• _TASK STATEMENT_
Look below for the line containing "Der Eremit wird"; from there, print each line exactly up to and including the line containing "50% הנחהטבעת אירוסין", and stop.

(INPUT RECORDS begins)

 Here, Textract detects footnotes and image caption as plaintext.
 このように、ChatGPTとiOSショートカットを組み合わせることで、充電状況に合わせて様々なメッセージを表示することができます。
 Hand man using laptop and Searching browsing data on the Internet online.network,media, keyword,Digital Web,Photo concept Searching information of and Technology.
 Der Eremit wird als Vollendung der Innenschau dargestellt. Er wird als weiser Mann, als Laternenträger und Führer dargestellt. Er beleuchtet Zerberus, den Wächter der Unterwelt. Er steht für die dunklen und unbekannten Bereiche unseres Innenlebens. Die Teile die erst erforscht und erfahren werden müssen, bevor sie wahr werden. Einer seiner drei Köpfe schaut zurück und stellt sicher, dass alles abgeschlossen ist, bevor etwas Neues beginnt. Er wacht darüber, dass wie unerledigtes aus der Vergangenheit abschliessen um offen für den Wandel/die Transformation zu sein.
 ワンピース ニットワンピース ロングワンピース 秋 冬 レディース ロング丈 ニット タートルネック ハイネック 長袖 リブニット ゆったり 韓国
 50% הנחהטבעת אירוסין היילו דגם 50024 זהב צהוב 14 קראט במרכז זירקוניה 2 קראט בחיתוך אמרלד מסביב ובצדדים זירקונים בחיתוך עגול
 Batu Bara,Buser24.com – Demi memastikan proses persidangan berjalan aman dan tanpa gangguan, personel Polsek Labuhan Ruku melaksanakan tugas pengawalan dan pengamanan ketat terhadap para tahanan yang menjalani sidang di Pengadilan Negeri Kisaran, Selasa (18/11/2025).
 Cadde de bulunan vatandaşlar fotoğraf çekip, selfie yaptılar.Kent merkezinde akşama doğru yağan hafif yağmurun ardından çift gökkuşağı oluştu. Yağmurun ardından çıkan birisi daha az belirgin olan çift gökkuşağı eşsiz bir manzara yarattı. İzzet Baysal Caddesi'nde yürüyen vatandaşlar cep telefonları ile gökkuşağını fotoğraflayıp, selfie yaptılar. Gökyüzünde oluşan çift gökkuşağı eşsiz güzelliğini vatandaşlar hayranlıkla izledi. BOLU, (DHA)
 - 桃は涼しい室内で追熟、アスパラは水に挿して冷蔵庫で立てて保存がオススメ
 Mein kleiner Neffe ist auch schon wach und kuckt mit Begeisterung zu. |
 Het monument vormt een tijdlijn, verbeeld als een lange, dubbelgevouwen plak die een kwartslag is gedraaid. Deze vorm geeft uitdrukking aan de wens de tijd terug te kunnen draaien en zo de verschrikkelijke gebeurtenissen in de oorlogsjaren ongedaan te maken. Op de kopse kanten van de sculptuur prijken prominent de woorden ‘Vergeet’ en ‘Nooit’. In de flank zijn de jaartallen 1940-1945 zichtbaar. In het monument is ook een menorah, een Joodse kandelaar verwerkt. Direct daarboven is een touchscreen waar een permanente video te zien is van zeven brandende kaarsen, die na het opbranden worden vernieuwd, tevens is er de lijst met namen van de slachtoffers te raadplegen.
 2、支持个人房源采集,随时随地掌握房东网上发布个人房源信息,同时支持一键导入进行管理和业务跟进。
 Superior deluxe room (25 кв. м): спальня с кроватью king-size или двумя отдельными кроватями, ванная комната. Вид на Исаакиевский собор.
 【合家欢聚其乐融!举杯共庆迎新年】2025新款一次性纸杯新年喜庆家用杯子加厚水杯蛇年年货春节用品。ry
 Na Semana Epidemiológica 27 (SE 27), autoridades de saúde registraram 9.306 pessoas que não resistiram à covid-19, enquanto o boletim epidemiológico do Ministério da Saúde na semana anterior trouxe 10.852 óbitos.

(INPUT RECORDS ends)

• _EXERCISE OUTPUT_
 Der Eremit wird als Vollendung der Innenschau dargestellt. Er wird als weiser Mann, als Laternenträger und Führer dargestellt. Er beleuchtet Zerberus, den Wächter der Unterwelt. Er steht für die dunklen und unbekannten Bereiche unseres Innenlebens. Die Teile die erst erforscht und erfahren werden müssen, bevor sie wahr werden. Einer seiner drei Köpfe schaut zurück und stellt sicher, dass alles abgeschlossen ist, bevor etwas Neues beginnt. Er wacht darüber, dass wie unerledigtes aus der Vergangenheit abschliessen um offen für den Wandel/die Transformation zu sein.
 ワンピース ニットワンピース ロングワンピース 秋 冬 レディース ロング丈 ニット タートルネック ハイネック 長袖 リブニット ゆったり 韓国
 50% הנחהטבעת אירוסין היילו דגם 50024 זהב צהוב 14 קראט במרכז זירקוניה 2 קראט בחיתוך אמרלד מסביב ובצדדים זירקונים בחיתוך עגול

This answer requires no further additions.